Task prompt –
Repeat the records below exactly from the line containing "Letni komplet damski." to the line containing "Kirjanurk OÜ |", taking in both of those lines. Drop the pictures.

Supplied records –

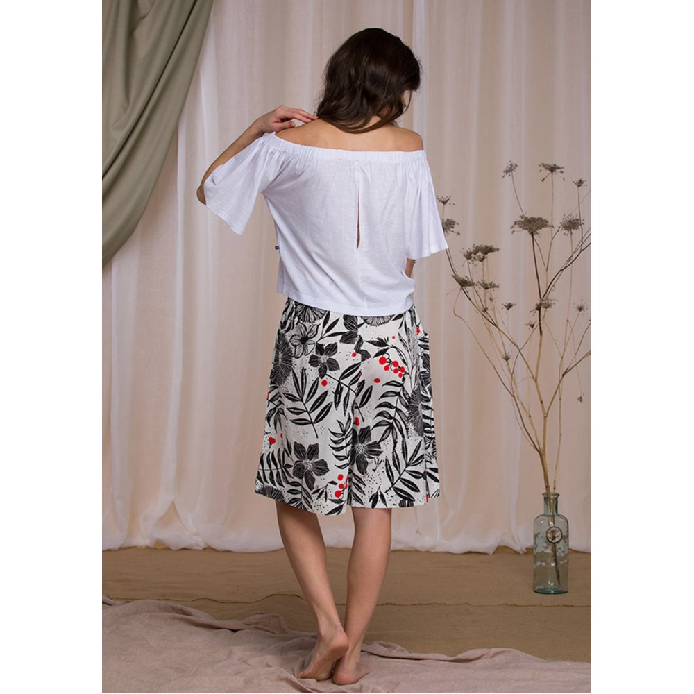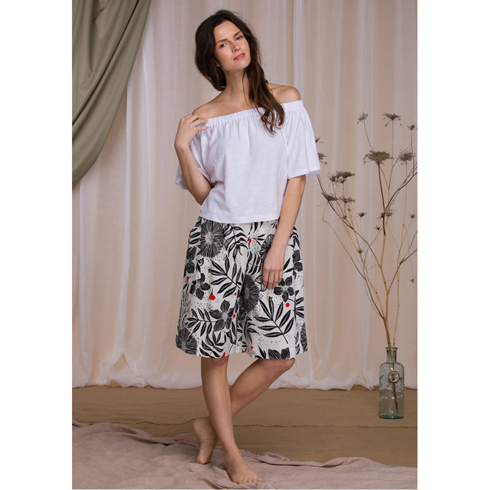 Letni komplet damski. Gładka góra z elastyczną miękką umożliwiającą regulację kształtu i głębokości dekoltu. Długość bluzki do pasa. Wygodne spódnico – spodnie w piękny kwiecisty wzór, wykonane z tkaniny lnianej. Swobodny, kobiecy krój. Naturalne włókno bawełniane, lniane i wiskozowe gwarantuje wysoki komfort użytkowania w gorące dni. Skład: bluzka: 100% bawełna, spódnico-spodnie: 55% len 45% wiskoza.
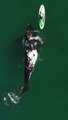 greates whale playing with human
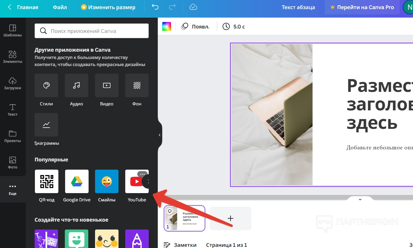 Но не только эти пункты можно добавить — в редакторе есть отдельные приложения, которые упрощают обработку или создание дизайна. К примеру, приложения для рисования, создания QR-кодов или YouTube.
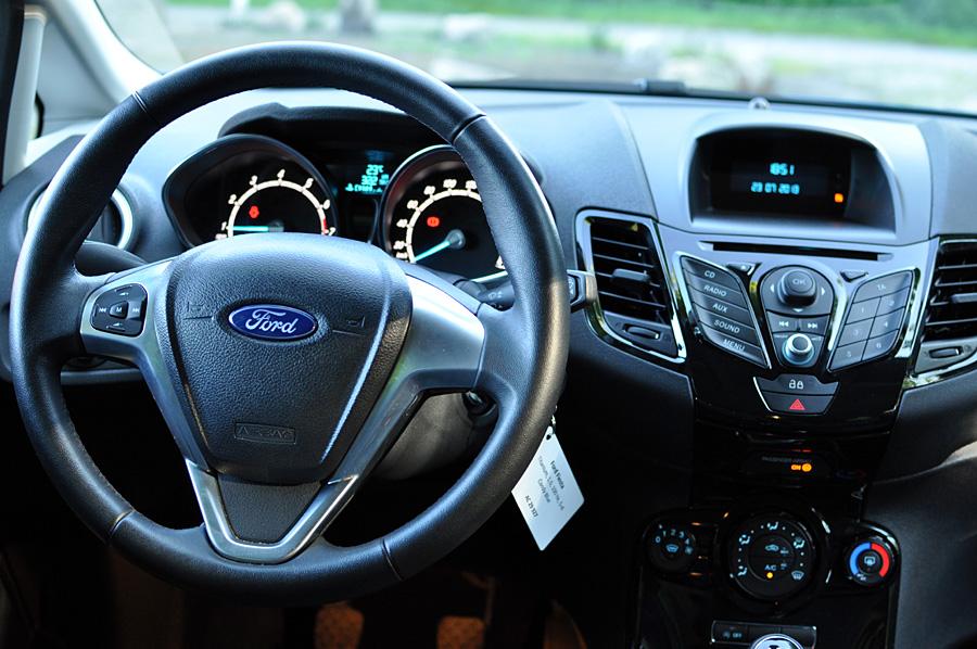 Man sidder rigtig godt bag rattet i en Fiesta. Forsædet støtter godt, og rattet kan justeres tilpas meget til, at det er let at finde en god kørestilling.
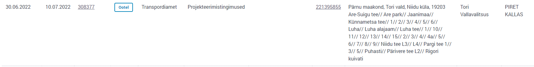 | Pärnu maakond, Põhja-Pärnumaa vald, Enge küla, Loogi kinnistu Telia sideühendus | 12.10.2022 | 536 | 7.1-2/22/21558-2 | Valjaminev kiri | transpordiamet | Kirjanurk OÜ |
--
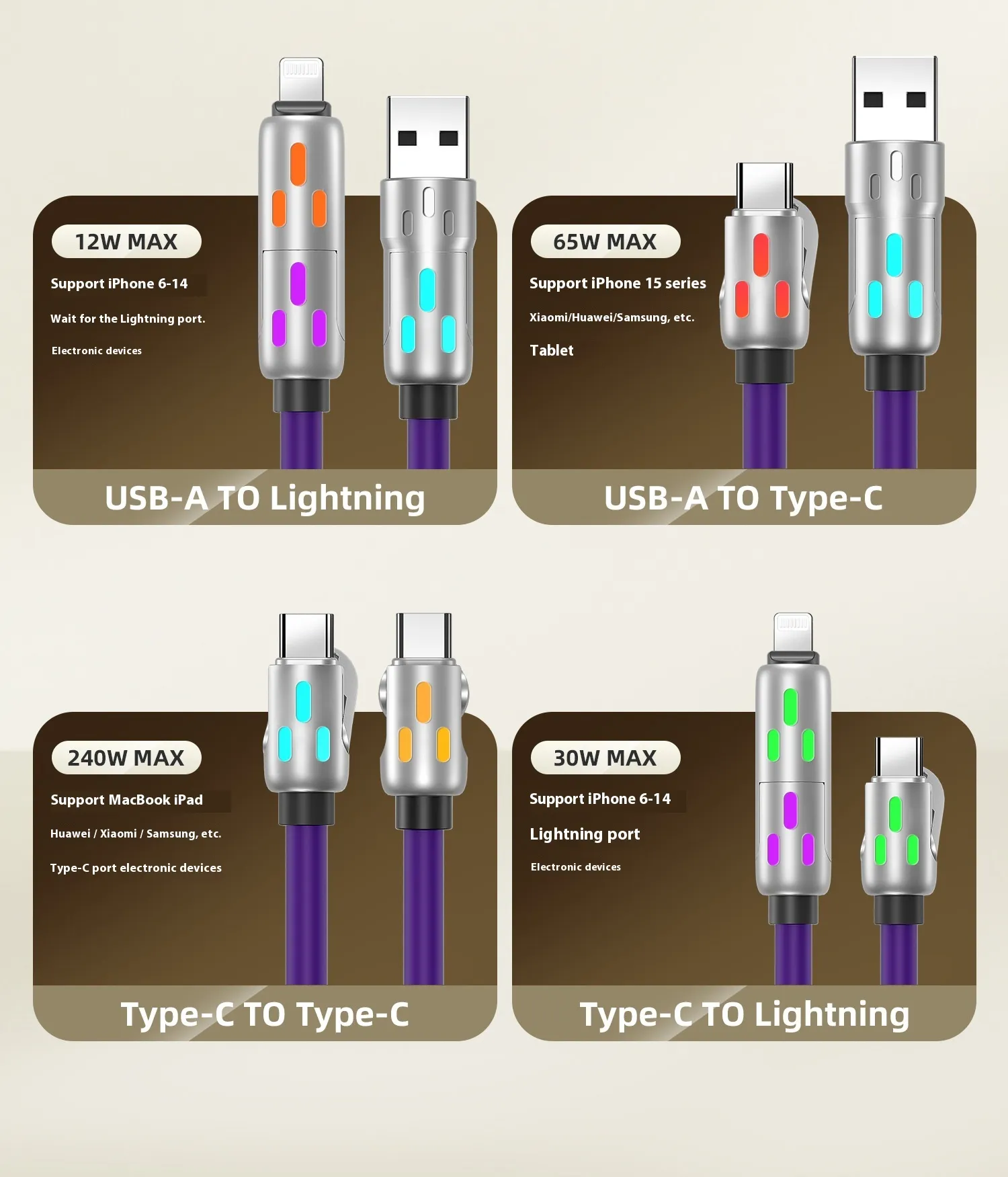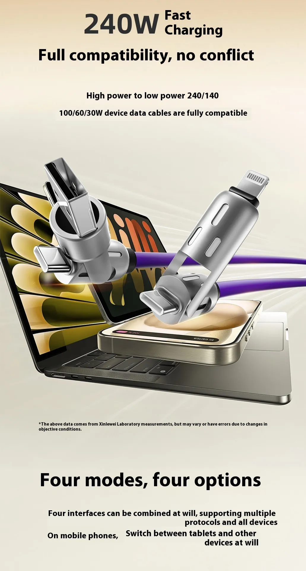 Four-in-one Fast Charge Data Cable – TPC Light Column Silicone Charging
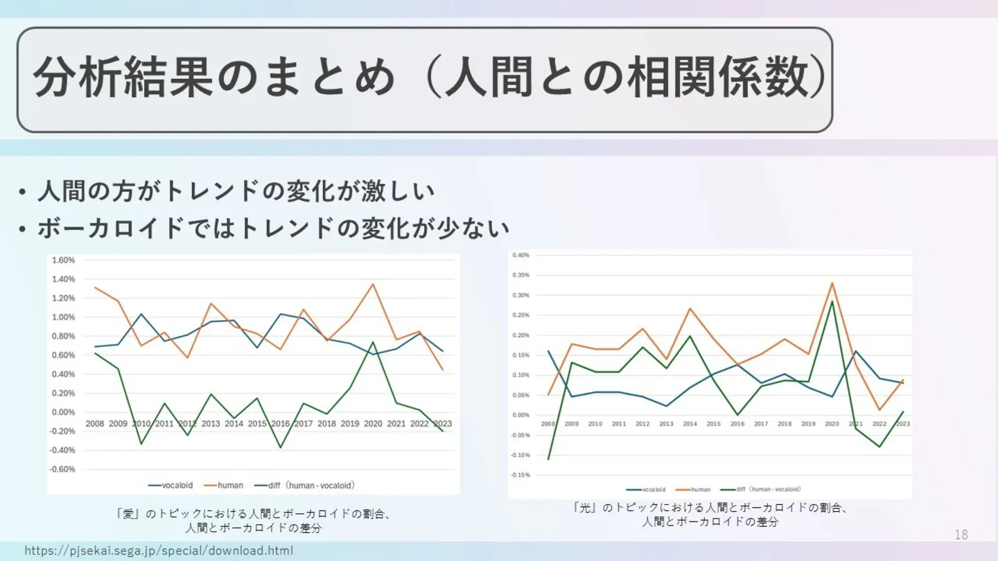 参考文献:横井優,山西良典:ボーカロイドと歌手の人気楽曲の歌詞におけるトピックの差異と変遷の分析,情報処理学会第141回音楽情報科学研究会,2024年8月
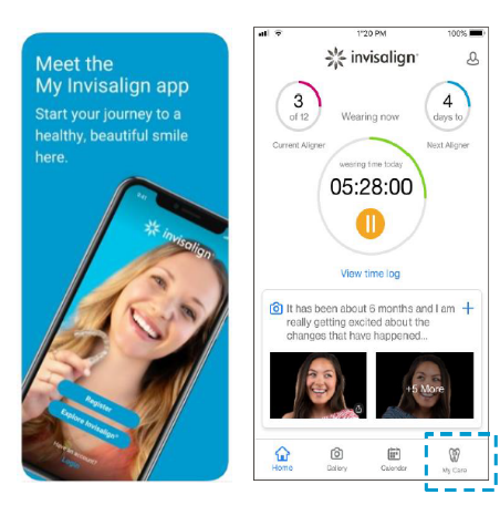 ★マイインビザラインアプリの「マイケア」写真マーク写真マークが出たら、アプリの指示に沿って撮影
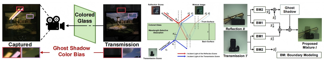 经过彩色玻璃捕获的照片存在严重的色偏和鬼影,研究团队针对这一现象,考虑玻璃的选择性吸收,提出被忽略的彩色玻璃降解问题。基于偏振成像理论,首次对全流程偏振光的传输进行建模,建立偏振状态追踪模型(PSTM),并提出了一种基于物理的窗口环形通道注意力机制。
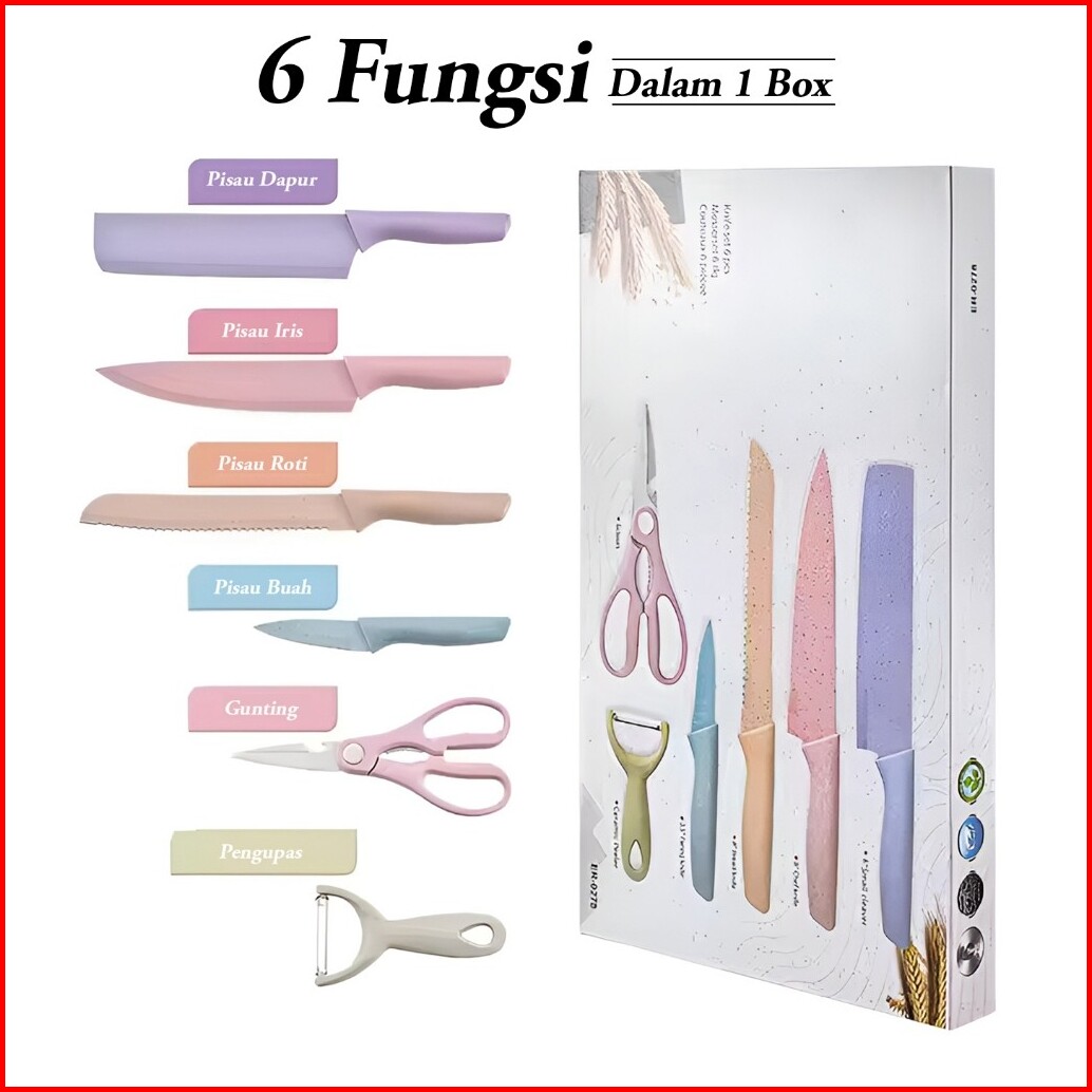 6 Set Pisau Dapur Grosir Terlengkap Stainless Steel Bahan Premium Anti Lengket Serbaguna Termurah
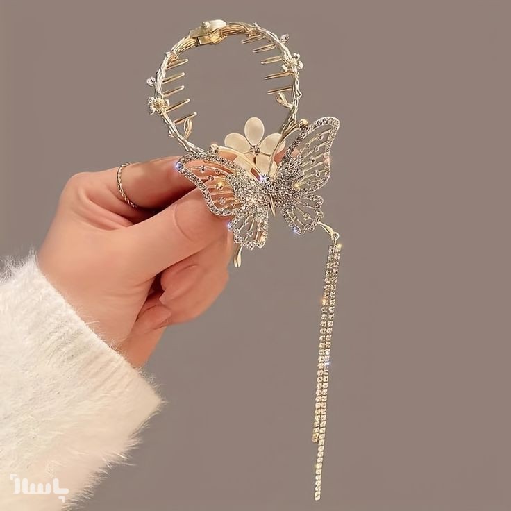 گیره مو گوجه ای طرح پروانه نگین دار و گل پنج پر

Result of the task –
 Letni komplet damski. Gładka góra z elastyczną miękką umożliwiającą regulację kształtu i głębokości dekoltu. Długość bluzki do pasa. Wygodne spódnico – spodnie w piękny kwiecisty wzór, wykonane z tkaniny lnianej. Swobodny, kobiecy krój. Naturalne włókno bawełniane, lniane i wiskozowe gwarantuje wysoki komfort użytkowania w gorące dni. Skład: bluzka: 100% bawełna, spódnico-spodnie: 55% len 45% wiskoza.
 greates whale playing with human
 Но не только эти пункты можно добавить — в редакторе есть отдельные приложения, которые упрощают обработку или создание дизайна. К примеру, приложения для рисования, создания QR-кодов или YouTube.
 Man sidder rigtig godt bag rattet i en Fiesta. Forsædet støtter godt, og rattet kan justeres tilpas meget til, at det er let at finde en god kørestilling.
 | Pärnu maakond, Põhja-Pärnumaa vald, Enge küla, Loogi kinnistu Telia sideühendus | 12.10.2022 | 536 | 7.1-2/22/21558-2 | Valjaminev kiri | transpordiamet | Kirjanurk OÜ |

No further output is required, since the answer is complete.